Also trying to finish the conclusion of Tad Williams' Memory, Sorrow, Thorn trilogy in To Green Angel Tower - Part Two and the latest addition to the Honor Harrington series by David Weber in At All Costs. They're both formulaic genre pieces but are backed by some solid storylines and characters. A bit disappointed about the direction of the latter, though.
I just finished reading "South of the Border, West of the Sun" by Haruki Murakami. I'm now starting his short story collection "The Elephant Vanishes". I'm also reading Alice in Wonderland by Lewis Caroll while I'm half asleep at night.
George MacDonald Fraser is dead, alas. Fraser was best known for his vastly entertaining novels about Harry Flashman, a mid-19th century British soldier who in public was the hero of the empire and in private was an utter sonuvabitch who survived to old age by being a cowardly, greedy, alcoholic, womanizing bastard, which is obviously a lot more entertaining than reading about, say, righteous schoolboys like that asshole Tom Brown.

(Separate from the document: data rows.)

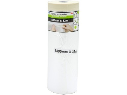 Páska krycí interiérová 140 cm x 33 m, samolepicí, se zakrývací folií. rozměry: 140 cm x 33 m - CQ fólie pro interiéry - nosič hladký krep, lepidlo kaučuk - materiál HDPE, síla 0,010 mm - odstranitelná beze stop do 2 dnů - pro zakrytí rozsáhlých ploch - na hladké povrchy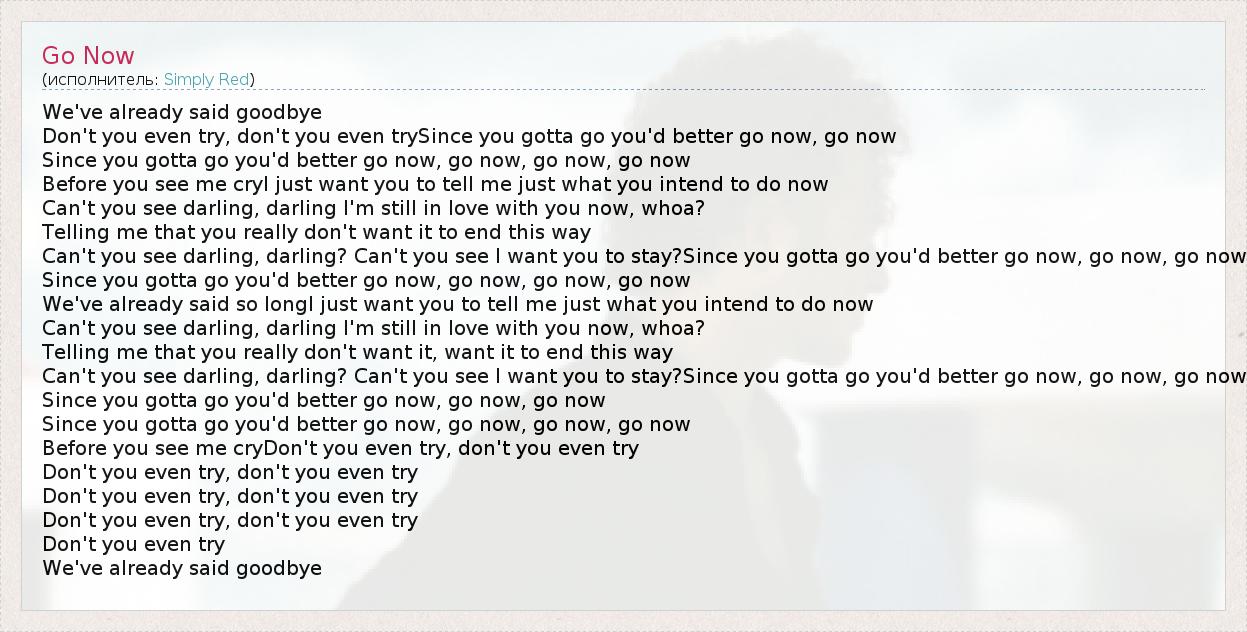 Don't you even try, don't you even trySince you gotta go you'd better go now, go now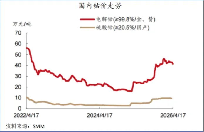 2025年2月,我国钴的现货价格一度低至16万元/吨左右,到了2026年4月,这一数字已经达到41万元/吨左右,涨幅高达160%。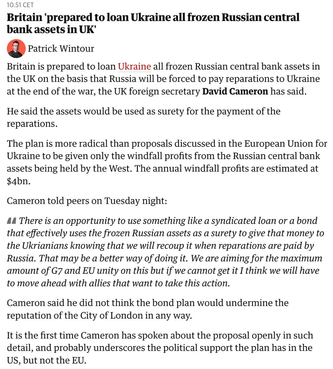 "Есть возможность использовать что-то вроде синдицированного кредита или облигаций, которые фактически используют замороженные российские активы в качестве поручительства, чтобы дать эти деньги украинцам, зная, что мы вернем их, когда Россия выплатит репарации. Возможно, это лучший способ сделать это", - заявил Кэмерон своим коллегам.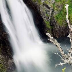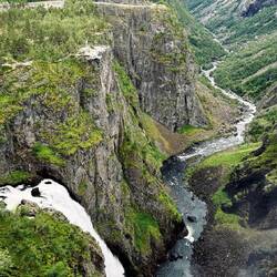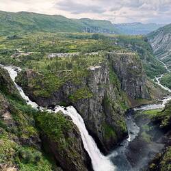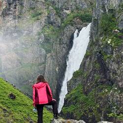 Der zweite Halt für heute ist der Wasserfall Låtefossen. Er befindet sich direkt an der Straße, was ihn leicht zugänglich macht. Hier beginnt ein Pfad, der zurLæs mere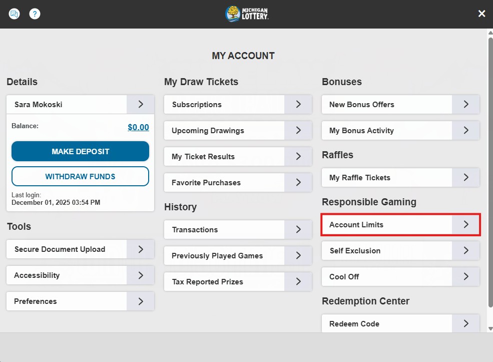 - Sign In from the menu. The menu is accessible by selecting the “≡” icon in the upper-left portion of your screen. Select “Sign in” from the mobile menu and enter your Michigan Lottery account credentials.
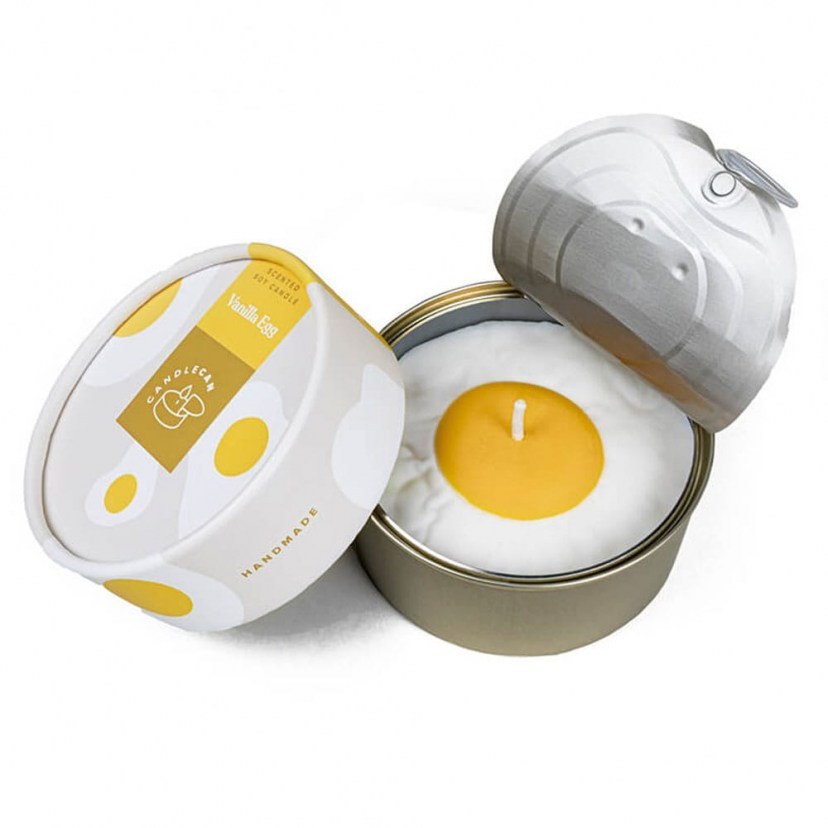 Το Αρωματικό Κερί Vanilla Egg συσκευάζεται όπως ένα πραγματικό κονσερβοποιημένο φαγητό, εξασφαλίζοντας του μια νέα απροσδόκητη μορφή! Πρόκειται για ένα ιδιαίτερο κερί, το οποίο μοιάζει με κονσερβοποιημένο τηγανητό αυγό και θα χαρίσει στο χώρο σας ένα υπέροχο άρωμα βανίλιας. Ειδικά σχεδιασμένο για να σας προσφέρει αργό και ομαλό χρόνο καύσης πάνω από 30 ώρες. Ένα πολυτελές κερί, που δημιουργήθηκε με μοναδικό σκοπό να εμπνεύσει και να διακοσμήσει τον πάγκο της κουζίνας ή το χώρο του καθιστικού σας. Επιλέξτε αρωματικά κεριά που είναι φιλικά για το περιβάλλον και το σπίτι σας. Το συγκεκριμένο κερί είναι φτιαγμένο από κερί λαχανικών και διαθέτει φιτίλια βαμβακιού. Τα όμορφα κεριά αξίζουν και όμορφη συσκευασία, γι 'αυτό, σε αντίθεση με τα περισσότερα δώρα σπιτιού που χρειάζονται συσκευασία δώρου, το δροσερό κερί μας έρχεται σε ένα πραγματικά μοναδικό δοχείο με επαναχρησιμοποιήσιμο καπάκι. Η δροσερή και πρακτική συσκευασία είναι αυτό που το καθιστά έτοιμο για δώρο σε κάποιο αγαπημένο σας πρόσωπο! Κάθε κερί είναι χειροποίητο από εξειδικευμένους κατασκευαστές κεριών στη Λιθουανία. Προειδοποίηση ασφαλείας: Μην αφήνετε το κερί αναμμένο χωρίς επίβλεψη. Κρατήστε το μακριά από εύφλεκτα αντικείμενα και από το μακριά από παιδιά. Είναι σχεδιασμένο από τον Justinas Bruzas, ο οποίος είναι σχεδιαστής τόσο των Candlecan όσο και των Candlehand, με πάνω από 10 χρόνια εμπειρίας στον σχεδιασμό κεριών!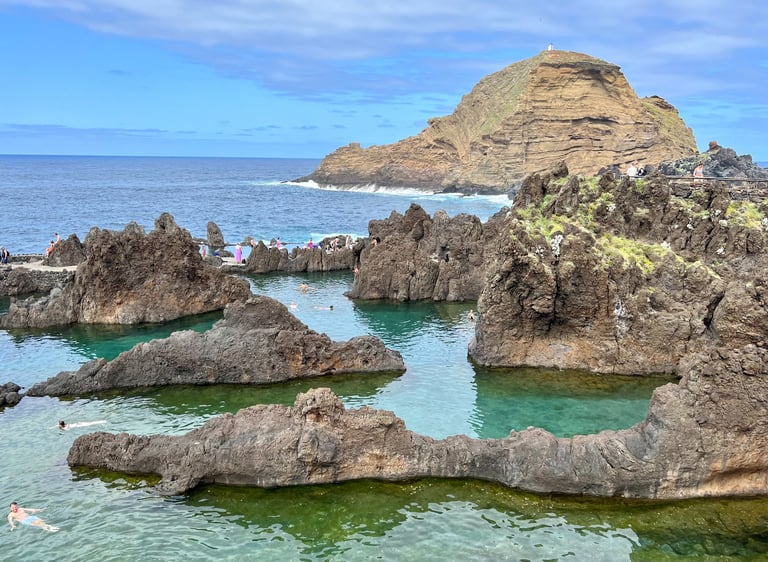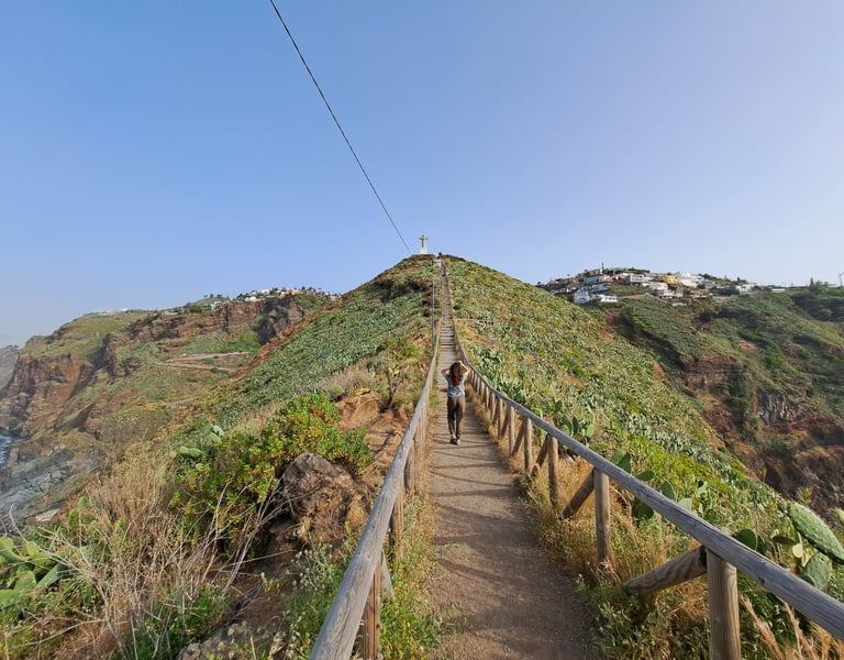 Después, condujimos hasta los acantilados de Achadas da Cruz, en el extremo oeste, donde se puede bajar andando hasta la costa y subir en teleférico al mirador. Cerca de allí sen encuentra el Miradouro do Ponta da Ladeira que no suele estar tan concurrido, y para nosotros, es el más espectacular de Madeira. Paramos también en Ponta do Tristão, otro lugar increíble en el que disfrutar del paisaje en absoluta tranquilidad.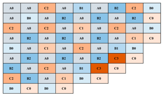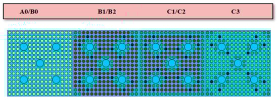 The APR 1400 core contains 241 fuel assemblies, 93 control element assemblies, and 61 in-core instrument assemblies [32] with an active height of 3.810 m in a cylinder whose diameter is 3.647 m [33]. Each fuel assembly comprises 236 UO2 rods with different enrichments. Most of the assemblies are mixed with gadolinium and five guide tubes [34]. Three types of normal assemblies without gadolinium were used, denoted as A0, B0, and C0. The other assemblies with Gd2O3 rods were denoted as B1, B2, C1, C2, and C3 [35]. Table 3 presents the specifications of the APR-1400 core design. Figure 3 shows the loading patterns of the fuel assemblies through the core.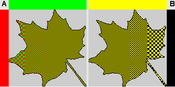 Erityisen merkillepantavaa näissä kuvissa on se, että vierekkäisten 'lehtien' värit ovat täysin identtiset. (Ks. punavihreistä väreistä enemmän sivulla INFO.)
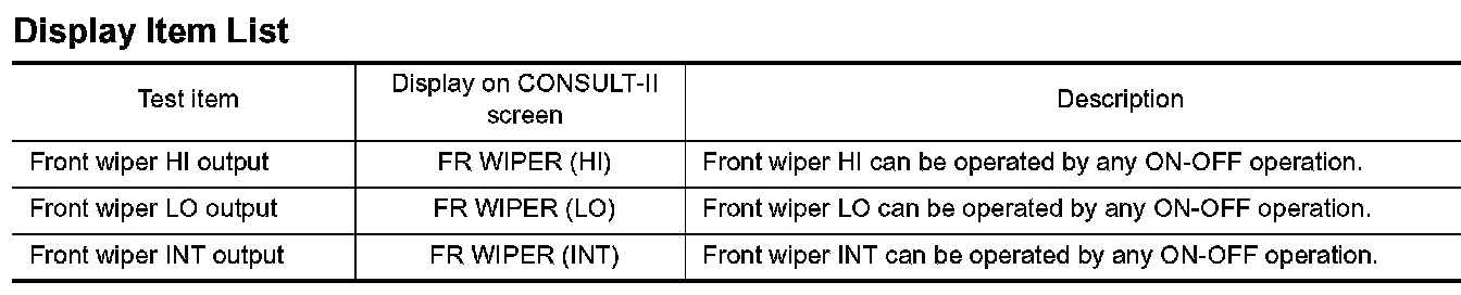 1. Touch "WIPER" on the "SELECT TEST ITEM" screen.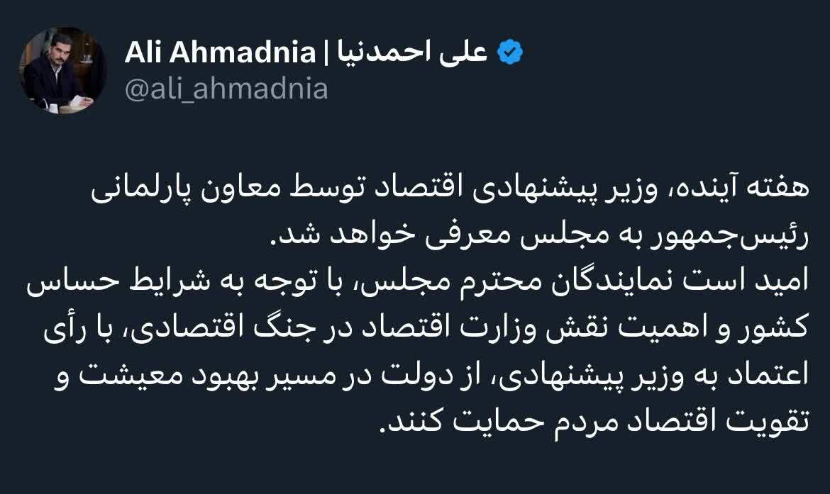 به گزارش خبرگزاری ایمنا و به نقل از پایگاه اطلاعرسانی دولت، علی احمدنیا، در حساب کاربری خود در شبکه ایکس نوشت: «هفته آینده، وزیر پیشنهادی اقتصاد توسط معاون پارلمانی رئیسجمهور به مجلس معرفی خواهد شد.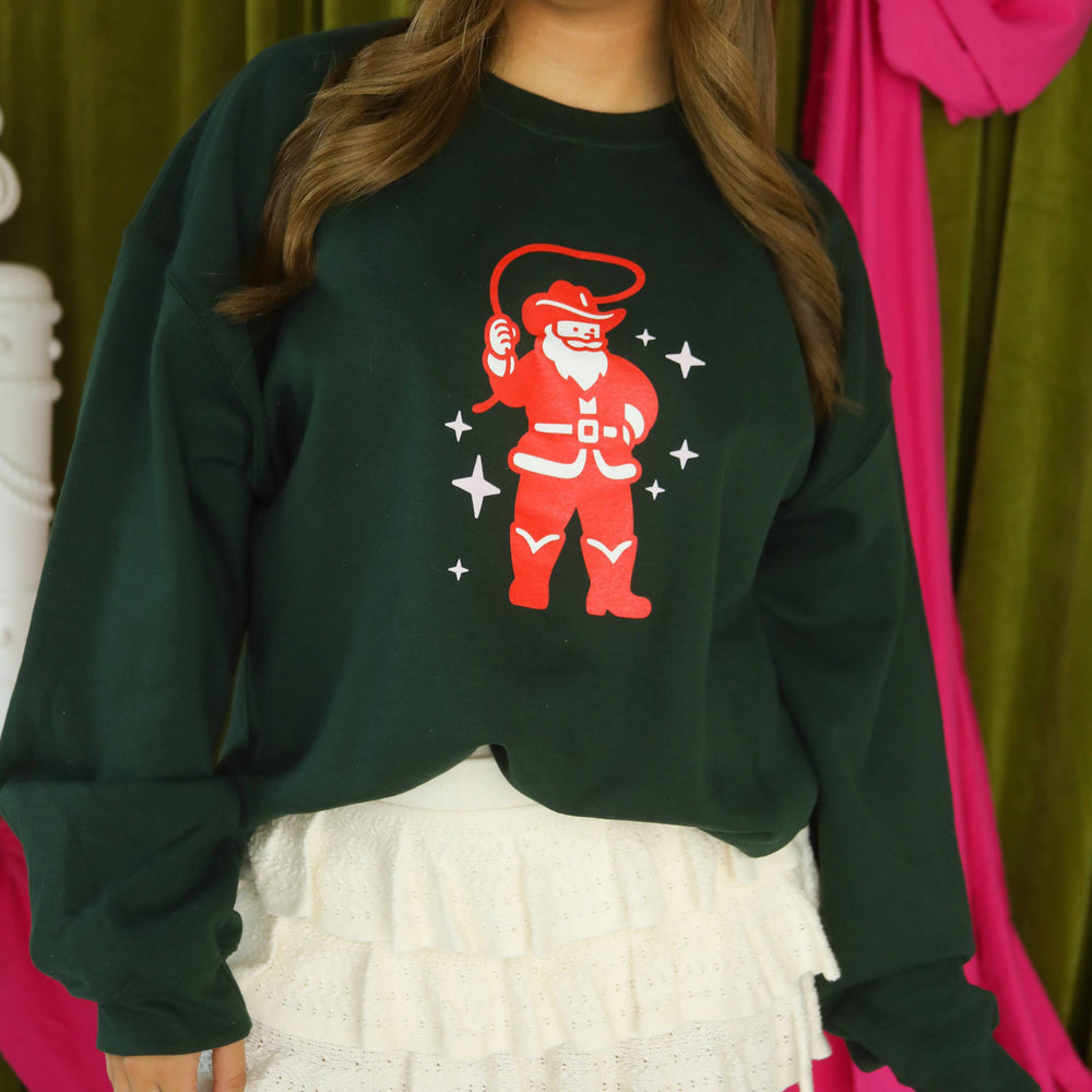 Bring some western charm to your holiday wardrobe. This green crewneck features a playful cowboy Santa with a lasso on the front, and “Santa, I Want a Cowboy” in rope-style font on the back.
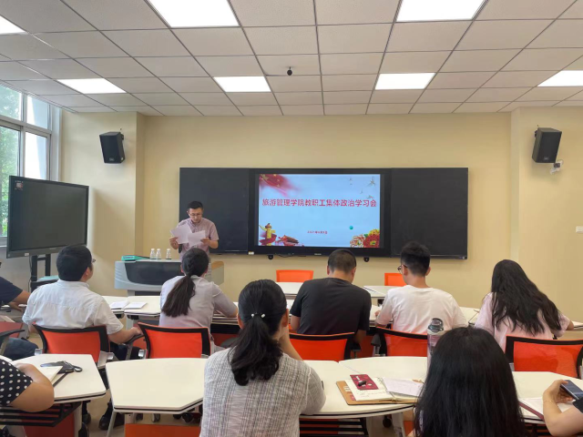 6月9日,旅游管理学院在3110智慧教室召开全体教职工集体政治学习会。我院全体教师参会,会议由旅游管理学院党支部副书记、副院长张岳军主持。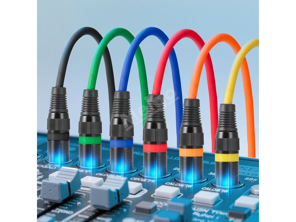Oba konektory mikrofónových káblov sú označené rovnakou farbou, čo uľahčuje rýchle rozlíšenie pripojení pri použití viacerých káblov a znižuje zámenu.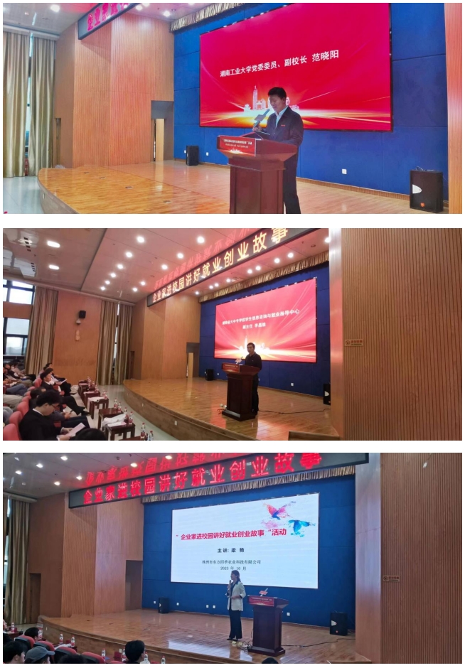 10月16日上午,“企业家进校园讲好就业创业故事”第三次活动在我校崇德楼一楼报告厅举行,本次活动由湖南省教育厅、湖南省工商联合会和我校共同主办。副校长范晓阳出席,湖南省大中专学校学生信息咨询与就业指导中心副主任李昌维,湖南财信产业基金管理有限公司,株洲市东方四季农业科技有限公司,校招生与就业指导处、创新创业学院相关负责人及全省各高校学生代表参会,会议通过线上线下结合的方式召开。

I have a fetish for good court-room comedy-drama. Maybe Denny Crane, ah, Boston Legal has spoiled me, but I've finally found something on par. Rumpole is the barrister who fights not for money, but for principle. He is disenfranchised from the "good ol' boy" mentality that dominates the rest of the profession, and while I agree that the independent Bar system of most Commonwealth nations promotes justice ahead of confrontation and theatrics, Mortimer's observation that criminal law is by its very nature confrontational and is at the fundamental epicenter of what is important in the legal system is well put out.